From: Philippe Verdy (verdy_p@wanadoo.fr)
Date: Sun Dec 05 2004 - 09:33:40 CST

  • Next message: Philippe Verdy: "Re: script complexity, was Re: OpenType vs TrueType"

    ----- Original Message -----
    From: "Marcin 'Qrczak' Kowalczyk" <qrczak@knm.org.pl>
    To: <unicode@unicode.org>
    Sent: Sunday, December 05, 2004 1:37 AM
    Subject: Re: Nicest UTF

    > "Philippe Verdy" <verdy_p@wanadoo.fr> writes:
    >
    >> There's nothing that requires the string storage to use the same
    >> "exposed" array,
    >
    > The point is that indexing should better be O(1).

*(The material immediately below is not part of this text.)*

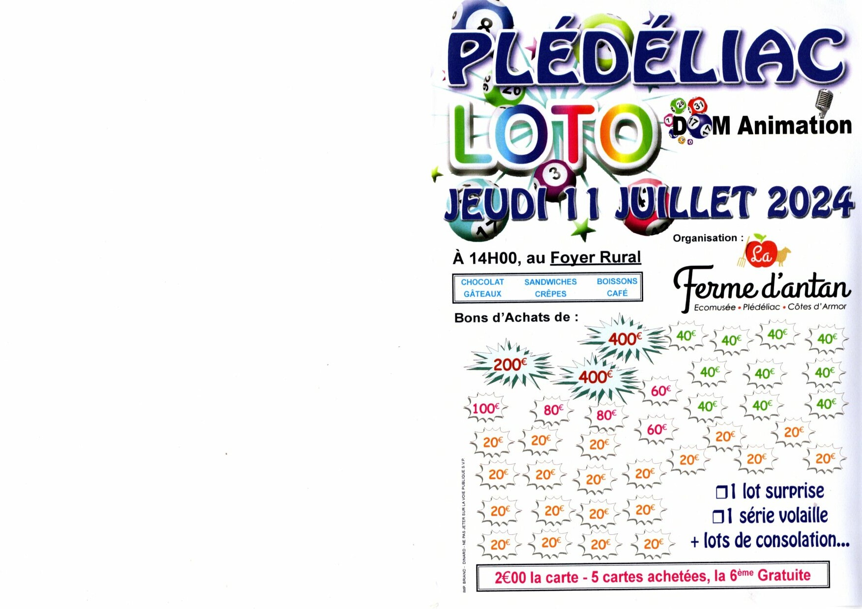 LOTO qui se déroulera le Jeudi 11 juillet à 14h au foyer rural de Plédéliac.
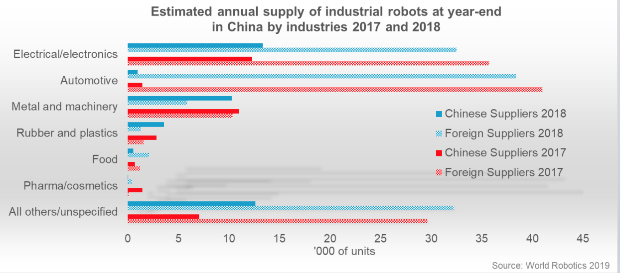 2018年,自主與外資品牌機器人分化明顯。中國本土機器人在國內(nèi)市場的總裝機量增加了5%(2018年:27%,2017年:22%),這說明中國鼓勵自主品牌機器人的政策導向帶來了成效。另一方面,受汽車行業(yè)不景氣影響,外資品牌的裝機量(包括非中國供應商在中國生產(chǎn)的產(chǎn)品)下降了7%,約為113000臺(2017年:約122000臺)。

    SCSU is also O(1) in terms of indexing complexity... simply because it keeps
    the exact equivalence with codepoints, and requires a *fixed* (and small)
    number of steps to decode it to code points, but also because the decoder
    states uses a *fixed* (and small) number of variables for the internal
    context (unlike more powerful compression algorithms like dictionnary-based,
    Lempel-Ziv-Welsh-like, algorithms such as deflate).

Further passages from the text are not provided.